Redis Configuration:

maxmemory-policy: allkeys-lru
notify-keyspace-events: Ex

NATS JetStream

Staging:

  • Replicas: 1 (single instance)
  • Memory Storage: 1 GB
  • File Storage: 5 GB (Persistent Volume)
  • Resources:
    • Request: 250m CPU, 1 GB RAM
    • Limit: 1000m CPU, 4 GB RAM

Production:

  • Replicas: 3 (clustered)
  • Memory Storage: 2 GB
  • File Storage: 20 GB per replica (60 GB total)
  • Resources:
    • Request: 500m CPU, 2 GB RAM
    • Limit: 2000m CPU, 8 GB RAM

NATS Features:

  • JetStream enabled for persistent messaging
  • Cluster mode for HA
  • Prometheus metrics exporter
  • Workload Identity for GCS backups

Security

IAM and Service Accounts

GKE Node Service Account:

  • roles/logging.logWriter
  • roles/monitoring.metricWriter
  • roles/monitoring.viewer
  • roles/artifactregistry.reader

Flow API Service Account:

  • roles/cloudsql.client
  • roles/secretmanager.secretAccessor
  • roles/storage.objectViewer

NATS Service Account:

  • roles/storage.admin (for JetStream backups)

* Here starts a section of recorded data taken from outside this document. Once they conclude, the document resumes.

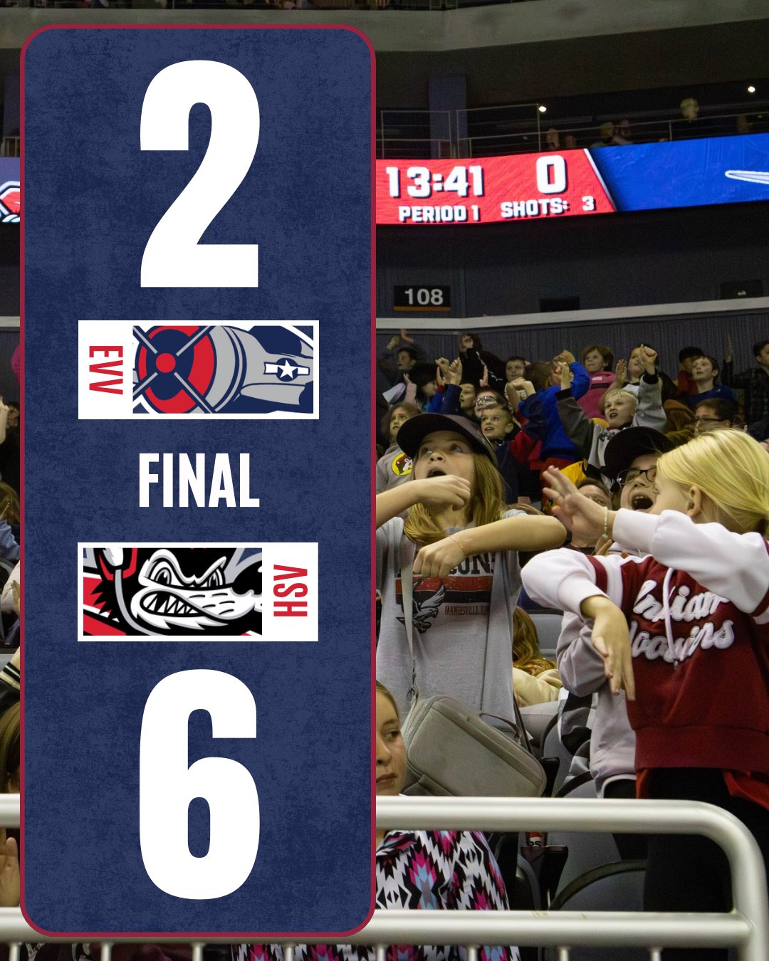 In the first period, the Havoc opened the score at 8:05 with a breakaway goal by Connor Fries. Evansville finished the first period strong, with Scott Kirton scoring an unassisted goal at 14:04 as he stole the puck in close. The second period began with a scrap, as Matthew Hobbs got the better of Havoc veteran Josh Kestner, much to the delight of the crowd. Unfortunately, the Havoc scored three goals, Austin Alger at 3:59, Ethan Lindsay on a power play at 8:33, and Fries again at 12:13 to open up a 4-1 lead. Late in the second period, Evansville again found life as Myles Abbate scored off a net-front scramble from Hobbs to shorten the gap to 4-2. The Havoc, however, pulled away in the third period with goals from Jaxon Camp and Kestner to round out the score at 6-2.
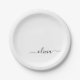 Black White Girly Script Monogram Name Modern Paper Plate
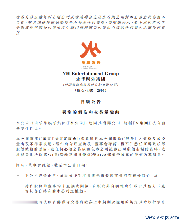 云南配资平台 乐华娱乐: 不知悉任何导致股价波动原因
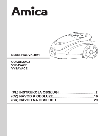 Dublis Plus VK 4011 ODKURZACZ VYSAVAČE VYSÁVAČE (PL) INSTRUKCJA OBSŁUGI......................................2 (CZ) NÁVOD K OBSLUZE..........................................16 (SK) NÁVOD NA OBSLUHU.......................................29 SZANOWNY KLIENCIE, Odkurzacz Amica to połączenie wyjątkowej łatwości obsługi i doskonałej efektywności. Po przeczytaniu niniejszej instrukcji, obsługa odkurzacza nie będzie problemem. Prosimy Państwa o uważną lekturę instrukcji obsługi przed uruchomieniem urządzenia. Przestrzeganie zawartych w niej wskazówek uchroni Państwa przed niewłaściwym użytko waniem. Instrukcję należy zachować i przechowywać tak, aby mieć ją zawsze pod ręką. Należy dokładnie przestrzegać instrukcji obsługi w celu uniknięcia nieszczęśliwych wypadków. Uwaga! Odkurzacz przeznaczony jest wyłącznie do użytku domowego. Producent zastrzega sobie możliwość dokonywania zmian niewpływających na dzia łanie urządzenia. Odkurzacz uruchamiać dopiero po przeczytaniu tej instrukcji Masz wątpliwości? Nie wszystko, co przeczytałeś w instrukcji jest zrozumiałe? - zadzwoń do Centrum Serwisowego, gdzie uzyskasz wszechstronną pomoc. tel.0-801 801 800 2 spis treści Podstawowe informacje.......................................................................................2 Wskazówki dotyczące bezpieczeństwa użytkowania........................................4 Opis wyrobu..........................................................................................................7 Obsługa................................................................................................................10 Czyszczenie i konserwacja...................................................................................11 Dane techniczne..................................................................................................14 Gwarancja, obsługa posprzedażna...................................................................15 3 WSKAZÓWKI DOTYCZĄCE BEZPIECZEŃSTWA UŻYTKOWANIA Uwaga! Aby zminimalizować ryzyko powstania pożaru, porażenia prądem lub uszkodzenia ciała: l Nie pozostawiaj odkurzacza włączonego do prądu. Wyciągaj wtyczkę z gniazdka kiedy nie używasz odkurzacza. l Nie używaj odkurzacza na zewnątrz lub na mokrych powierzchniach. l Nie pozwalaj, aby odkurzacz traktowano jak zabawkę. Szczególna uwaga jest niezbędna, kiedy odkurzacz jest używany przez dzieci lub w pobliżu dzieci. l Używaj odkurzacza tylko tak jak opisano w niniejszej instrukcji. Używaj tylko części wyposażenia zalecane przez producenta. l Nie używaj odkurzacza z uszkodzonym przewodem zasilającym lub wtyczką. Jeżeli odkurzacz nie działa tak jak powinien, został upuszczony, uszkodzony, pozostawiony na świeżym powietrzu lub wpadł do wody, oddaj go do punktu serwisowego. l Nie ciągnij odkurzacza ani nie przenoś go trzymając za przewód, nie używaj przewodu jako uchwytu, nie zamykaj drzwi przytrzaskując przewód i nie przeciągaj przewodu nad ostrymi krawędziami. Uważaj, aby odkurzacz nie przejeżdzał po przewodzie. Trzymaj przewód zasilający z daleka od nagrzanych powierzchni. l Nie wyłączaj odkurzacza ciągnąc za przewód. Aby wyjąć wtyczkę z gnazdka sieciowego, chwytaj za wtyczkę, nie za przewód. l Nie dotykaj wtyczki lub odkurzacza mokrymi rękoma. l Nie wkładaj żadnych przedmiotów w otwory w odkurzaczu. Nie używaj odkurzacza, kiedy jakikolwiek otwór jest zablokowany, pozbywaj się kurzu, kłaczków, włosów i wszystkiego, co może zredukować przepływ powietrza. l Trzymaj włosy, luźne części ubrania, palce i inne części ciała z daleka od otworów i części ruchomych. l Nie używaj odkurzacza do zbierania łatwopalnych substancji, takich jak benzyna i nie używaj go w takich miejscach, gdzie podobne substancje mogą być obecne. l Trzymaj za wtyczkę przy zwijaniu się kabla. Nie pozwól, aby wtyczka była puszczona luzem podczas zwijania. l Nie zbieraj żadnych przedmiotów, które palą się lub dymią, takich jak papierosy, zapałki, lub gorące popioły. l Nie używaj odkurzacza bez założonego worka do kurzu i/lub filtrów. 4 WSKAZÓWKI DOTYCZĄCE BEZPIECZEŃSTWA UŻYTKOWANIA l Jeżeli otwór, który zasysa powietrze,wąż ssący lub rura teleskopowa są zatkane, powinieneś natychmiast wyłączyć odkurzacz. Przed ponownym włączeniem odkurzacza usuń najpierw blokujący przedmiot. l Nie używaj odkurzacza zbyt blisko grzejników, kaloryferów, niedopałków papierosów itp. l Zanim włączysz wtyczkę do gniazdka sieciowego, upewnij się, czy masz suche ręce. l Zanim zaczniesz używać odkurzacz, usuń ostre przedmioty z podłogi, aby uniknąć uszkodzenia worka na kurz. l Nie odkurzaj drobnych pyłów jak: mąka, gips, tonery drukarek itp., gdyż może to doprowadzić do zapchania filtrów i uszkodzenia odkurzacza. l Kiedy chcesz wyłączyć wtyczkę z gniazdka sieciowego, rób to zawsze trzymając za wtyczkę, a nie za przewód elektryczny. l Ten odkurzacz jest wyposażony w zwijacz przewodu przyłączeniowego. l Niniejszy sprzęt nie jest przeznaczony do użytkowania przez osoby (w tym dzieci) o ograniczonej zdolności fizycznej, czuciowej lub psychicznej, lub osoby o braku doświadczenia lub znajomości sprzętu, chyba że odbywa się to pod nadzorem lub zgodnie z instrukcją użytkowania sprzętu, przekazanej przez osoby odpowiadające za ich bezpieczeństwo. Należy zwracać uwagę na dzieci, aby nie bawiły się okurzaczem. Wymagania elektryczne Należy sprawdzić, czy napięcie podane na tabliczce znamionowej odpowiada parametrom zasilania elektrycznego w domu, przy czym zasilanie to musi być oznaczone jako ~ (prąd przemienny). Uwaga! Jeżeli przewód zasilający nieodłączalny ulegnie uszkodzeniu, to powinien on być wymieniony w specjalistycznym zakładzie naprawczym. 5 ROZPAKOWANIE Wycofanie z eksploatacji Urządzenie na czas transportu zostało zabezpieczone przed uszkodzeniem. Po r

Cloud SQL Proxy Service Account:

  • roles/cloudsql.client

Network Security

  • Private Cluster: GKE nodes use private IPs
  • Private Endpoints: Cloud SQL and Redis not publicly accessible
  • TLS Everywhere: All traffic encrypted in transit
  • mTLS: Service mesh for pod-to-pod encryption (optional)

Secrets Management

  • Database passwords stored in Kubernetes Secrets
  • Redis AUTH strings stored in Kubernetes Secrets
  • Secrets synced from GCP Secret Manager (recommended for production)
  • No hardcoded credentials in code or configs

High Availability

Staging (Single-Zone)

  • GKE: Single zone, node autoscaling
  • Cloud SQL: ZONAL (single instance)
  • Redis: BASIC (single instance)
  • NATS: 1 replica
  • RTO: ~15 minutes (manual intervention)
  • RPO: ~5 minutes (last transaction log)

Production (Multi-Zone)

  • GKE: Regional (3 zones), node autoscaling
  • Cloud SQL: REGIONAL (automatic failover)
  • Redis: STANDARD_HA (automatic failover)
  • NATS: 3-node cluster (Raft consensus)
  • RTO: ~2 minutes (automatic failover)
  • RPO: ~1 minute (synchronous replication)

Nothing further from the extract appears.